Oh Dios, sí. Los recién nacidos son básicamente patatas con problemas digestivos. Durante las primeras semanas, apenas ven más allá de su nariz de todas formas. Aún no tienen el desarrollo cerebral necesario para mostrar preferencias. Mientras les des de comer y les mantengas relativamente limpios, lo estás haciendo genial. El reconocimiento y el aferrarse a ti desesperadamente llega más tarde, normalmente a los 4-6 meses, y entonces suplicarás que vuelvan los días de la patata.
¿Por qué mi bebé solo me llora a mí y no a mi pareja?
Porque tú eres su lugar seguro. Parece un castigo, lo sé. Dave solía ser capaz de acunar a Maya hasta que se dormía en cinco minutos, pero en el instante en que yo entraba en la habitación, ella perdía la cabeza por completo. Mi doctora me explicó que los bebés se aguantan todo el día, y cuando ven a su figura de apego principal, simplemente dejan salir toda su carga emocional. Eres básicamente su vertedero emocional. ¡Felicidades!
¿Puedo malcriar a mi bebé por tenerle demasiado en brazos?

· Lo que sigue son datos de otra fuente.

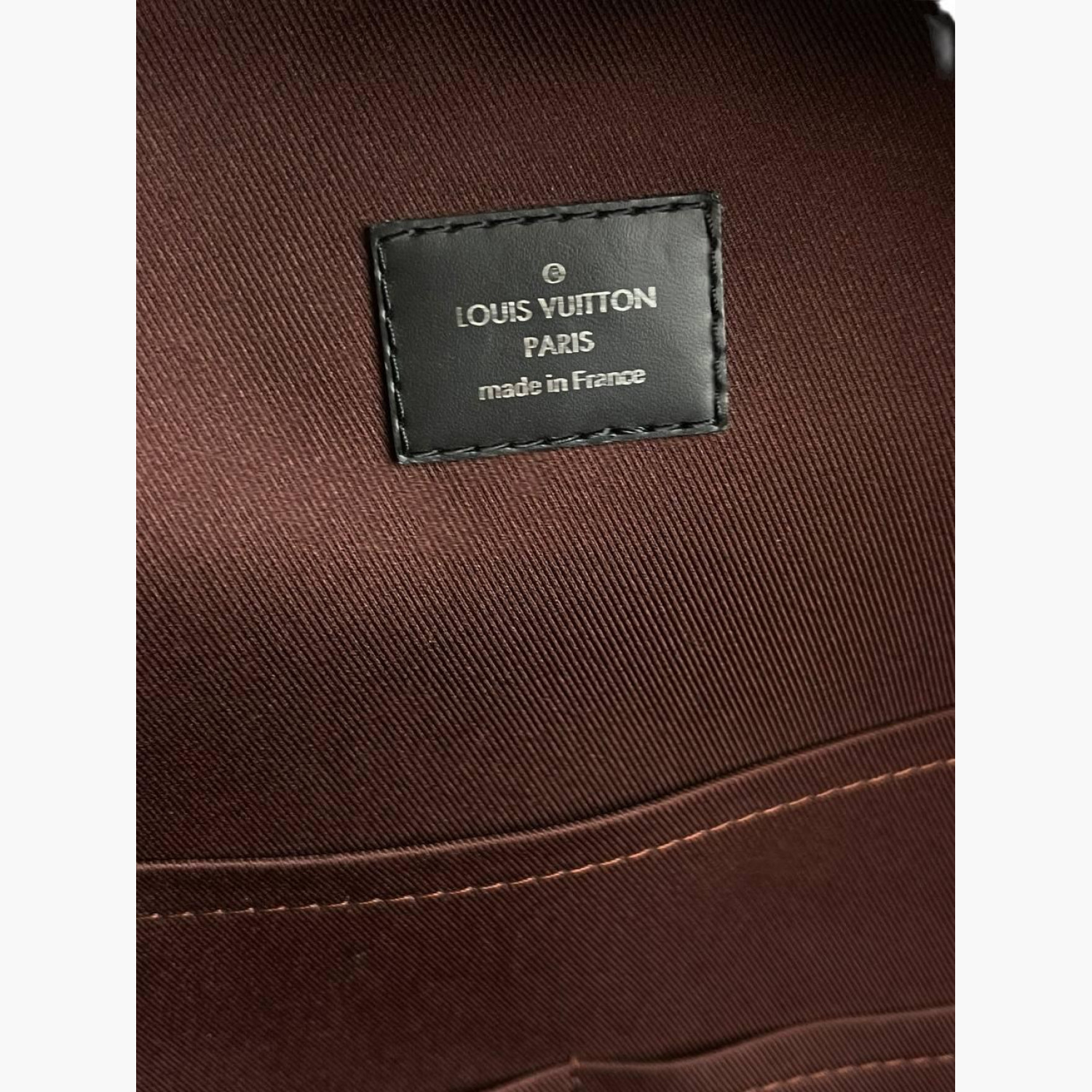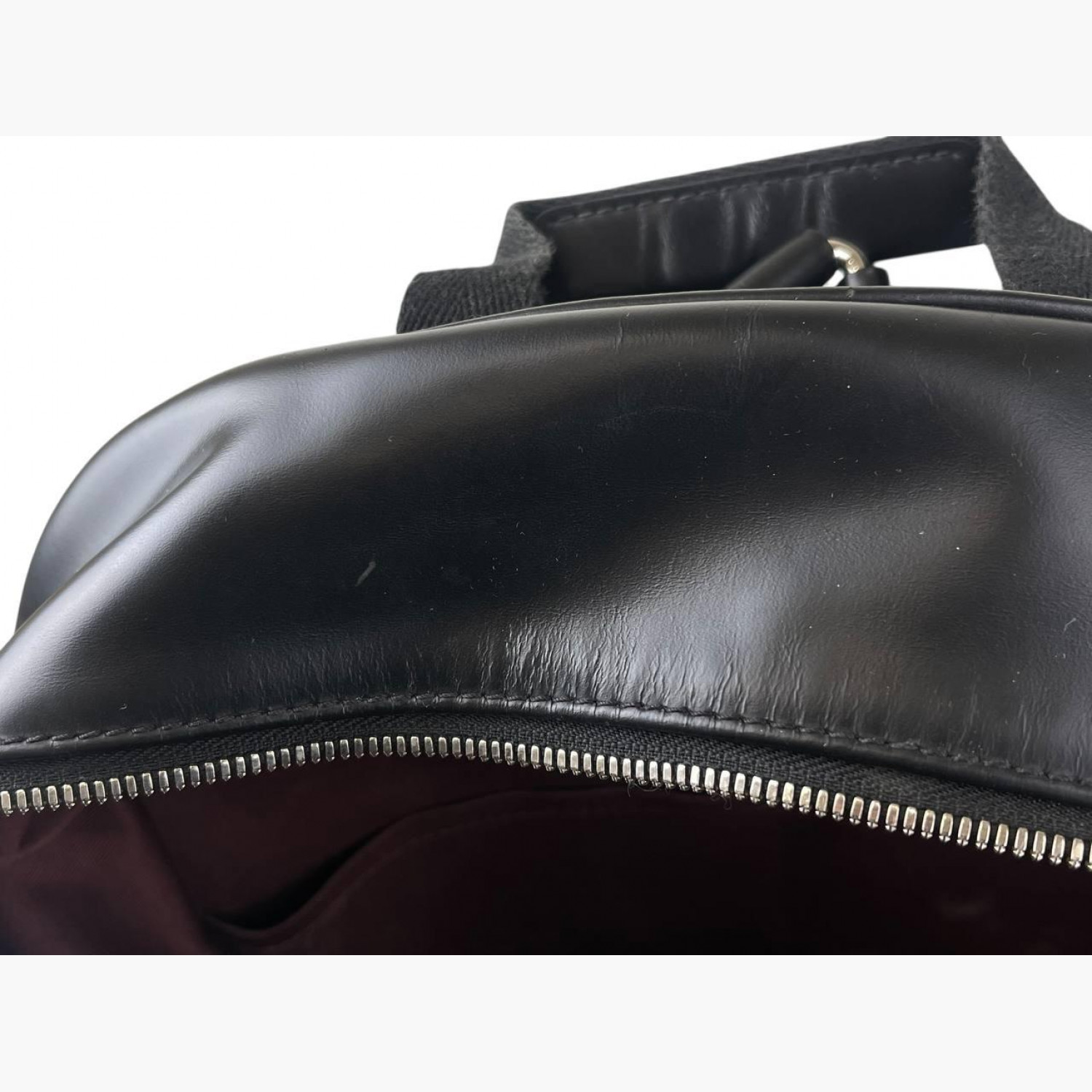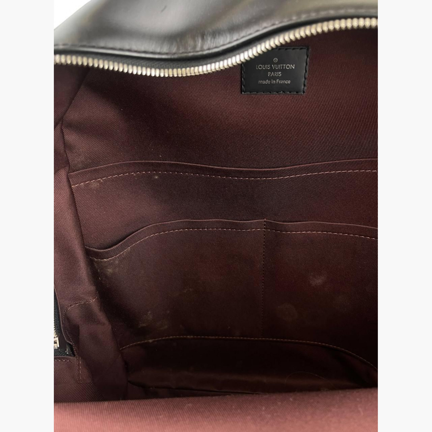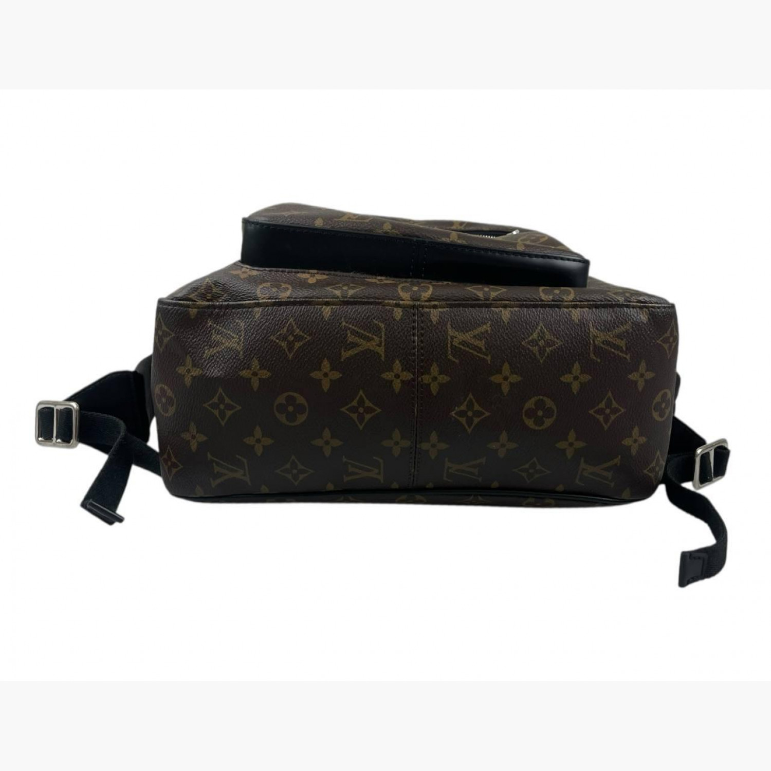 Brown monogram canvas backpack. The interior features one main compartment with a large open pocket topped by a double open pocket. On the front — a zip pocket. In good condition, with wear marks.
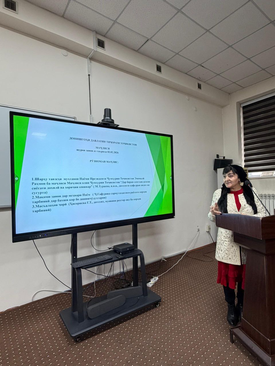 Санаи 3-юми феврали соли 2026 дар Донишгоҳи давлатии тиҷорати Тоҷикистон маҷлиси Шурои занон баргузор гардид, ки шарҳу тавзеҳи муҳтавои Паёми Президенти Ҷумҳурии Тоҷикистон муҳтарам Эмомалӣ Раҳмон ба Маҷлиси Олӣ дар бораи самтҳои асосии сиёсати дохилӣ ва хориҷии кишвар ва мақоми занон дар Паём аз масъалаҳои асосии рӯзномаи маҷлис буданд.
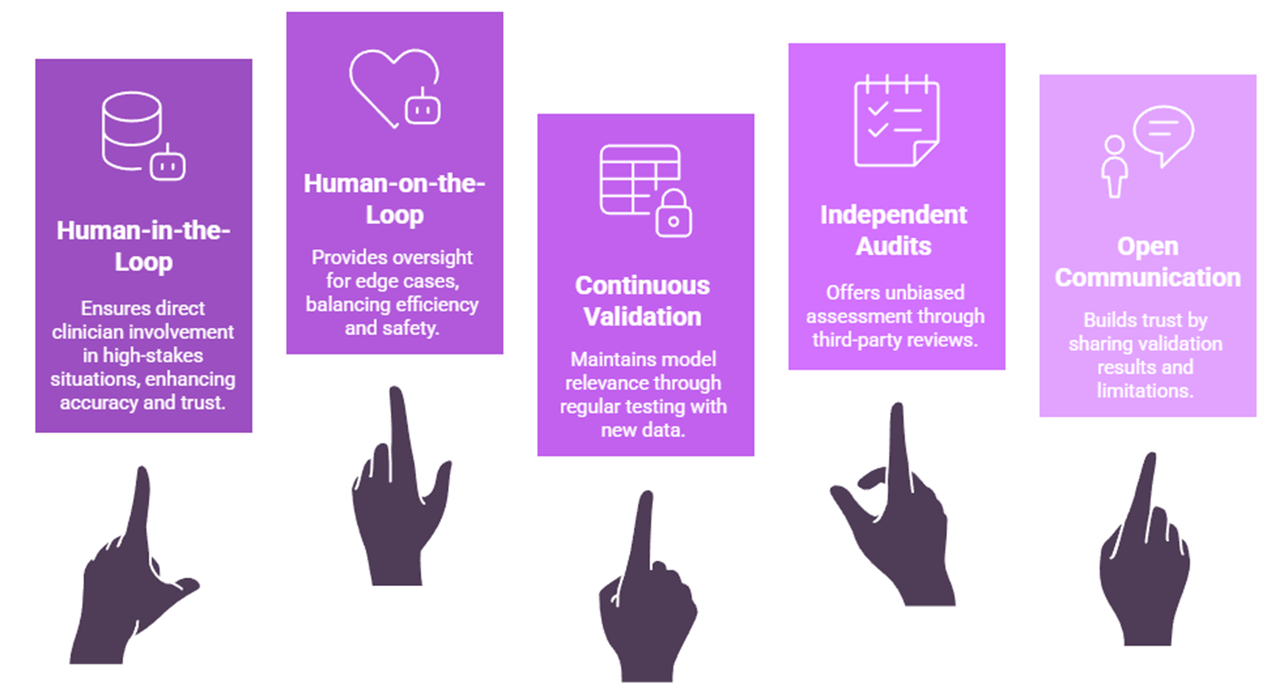 - Human-in-the-Loop (HITL) Approaches: Keeping clinicians engaged directly in reviewing all AI outputs of a particular workflow, in high-stakes situations.

Literalmente imposible en el primer año. La Dra. Miller me grabó esto en la cabeza. No puedes malcriar a un bebé que ni siquiera sabe todavía que es una persona separada de ti. Cógeles. Llévales porteando. Deja que duerman en tu pecho mientras haces un maratón de un reality show malísimo. La colada puede esperar. Necesitan la regulación física.
¿Cómo conecto con mi bebé si odio tirarme al suelo?
Mira, mis rodillas suenan como plástico de burbujas cuando me levanto, así que te entiendo. No tienes que estar en el suelo las 24 horas del día. El vínculo se basa en el contacto visual y la atención exclusiva. Ponles en una hamaca en el suelo del baño mientras te duchas y simplemente háblales. Narra lo que estás haciendo. "Mamá se está lavando el pelo con el champú caro porque es la única alegría que le queda". Les encanta el sonido de tu voz. El simple hecho de hacerles partícipes de tu rutina mundana es demostrarles amor.